Long before AI and machine learning (ML) became mainstream terms outside of the high-tech field, developers were encoding human knowledge into computer systems as rules that get stored during a knowledge domain. These rules define all aspects of a task, typically within the sort of “If” statements (“if A, then do B, else if X, then do Y”).

While the amount of rules that need to be written depends on the number of actions you would like a system to handle (for example, 20 actions means manually writing and coding a minimum of 20 rules), rules-based systems are generally lower effort, less expensive and fewer risky since these rules won’t change or update on their own. However, rules can limit AI capabilities with rigid intelligence which will only do what they’ve been written to try to to.

Machine learning systems

While a rules-based system might be considered as having “fixed” intelligence, in contrast, a machine learning system is adaptive and attempts to simulate human intelligence. there’s still a layer of underlying rules, but rather than a person’s writing a hard and fast set, the machine has the power to find out new rules on its own, and discard ones that aren’t working anymore.

In practice, there are several ways a machine can learn, but supervised training—when the machine is given data to coach on—is generally the primary step during a machine learning program. Eventually, the machine is going to be ready to interpret, categorize, and perform other tasks with unlabeled data or unknown information on its own.

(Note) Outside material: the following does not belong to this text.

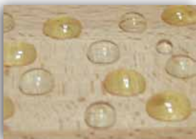
Vann- og olje-avstøtende effekt på absorberende tre

Overflateabsorpsjonen reduseres med nesten 90%, og den beskyttede overflaten beholder sin funksjon over tid, selv om "perle-effekten" forsvinner, spesielt på horisontale flater.
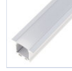
56696 PROFILO INC FONDO CARTONGESSO

Where to start out with an organization’s AI strategy:

The anticipated benefits to AI are high, therefore the decisions a corporation makes early in its execution are often critical to success. Foundational is aligning your technology choices to the underlying business goals that AI was set forth to realize. What problems are you trying to unravel, or challenges are you trying to meet?

The decision to implement a rules-based or machine learning system will have a long-term impact on how a company’s AI program evolves and scales. Here are some best practices to think about when evaluating which approach is true for your organization:

When choosing a rules-based approach makes sense:

  • Fixed outcomes: When there’s a little or a fixed number of outcomes. for instance, there are only two states that an “Add to Cart” button is often in, either pressed or not. While it’s possible to use machine learning to detect whether a user pressed the button, it wouldn’t add up to use that sort of method.
  • Risk of error: The penalty of error is just too high to risk false positives and thus only rules—which are going to be one hundred pc accurate—should be implemented.
  • Not planning for ML: If those maintaining the system don’t have machine learning knowledge and therefore the business doesn’t have plans to source for it moving forward.

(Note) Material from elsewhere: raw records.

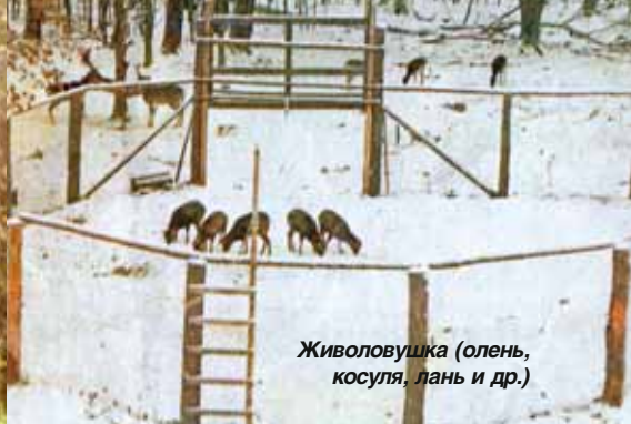
Живолушка (олень, косуля, лань и др.)
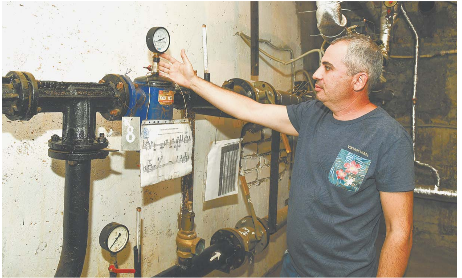
Инженерное оборудование в элеваторном узле даже в доме возрастом 50+ должно выглядеть как в новостройке.

За 5 месяцев 2022 года наши специалисты выполнили работы по ремонту и строительству сетей водоснабжения и водоотведения общей протяженностью 3,2 км, что составляет 42% от годового
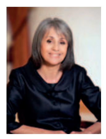
ПРИВЕТСТВИЕ ОТ Г-ЖА МАРГАРИТА ПОПОВА, ВИЦЕПРЕЗИДЕНТ НА РЕПУБЛИКА БЪЛГАРИЯ, ПО ПОВОД 25-ТО ЮБИЛЕЙНО ИЗДАНИЕ НА ДНИТЕ НА ЯПОНСКАТА КУЛТУРА

Настоящата 2014 г. ни поднесе емблематично съвпадение – отбелязваме 55 години от възстановяването на дипломатическите отношения между нашите две държави и провеждането на 25-то издание на Дните на японската култура в България.

When to use machine learning:

  • Simple rules don’t apply: When there are no easily definable thanks to solving a task using simple rules
  • Speed of change: When situations, scenarios, and data are changing faster than the power to repeatedly write new rules.
  • Natural language processing: Tasks that decision for an understanding of language, or tongue processing. Since there are an infinite number of the way to mention something, it’s unrealistic, if not downright impossible, to write down rules for the normal language. The innate, adaptive intelligence of machine learning is optimized for scale.

The promises of AI are real, except for many organizations, the challenge is where to start. If you fall under this category, start by determining whether a rules-based or ML method will work best for your organization.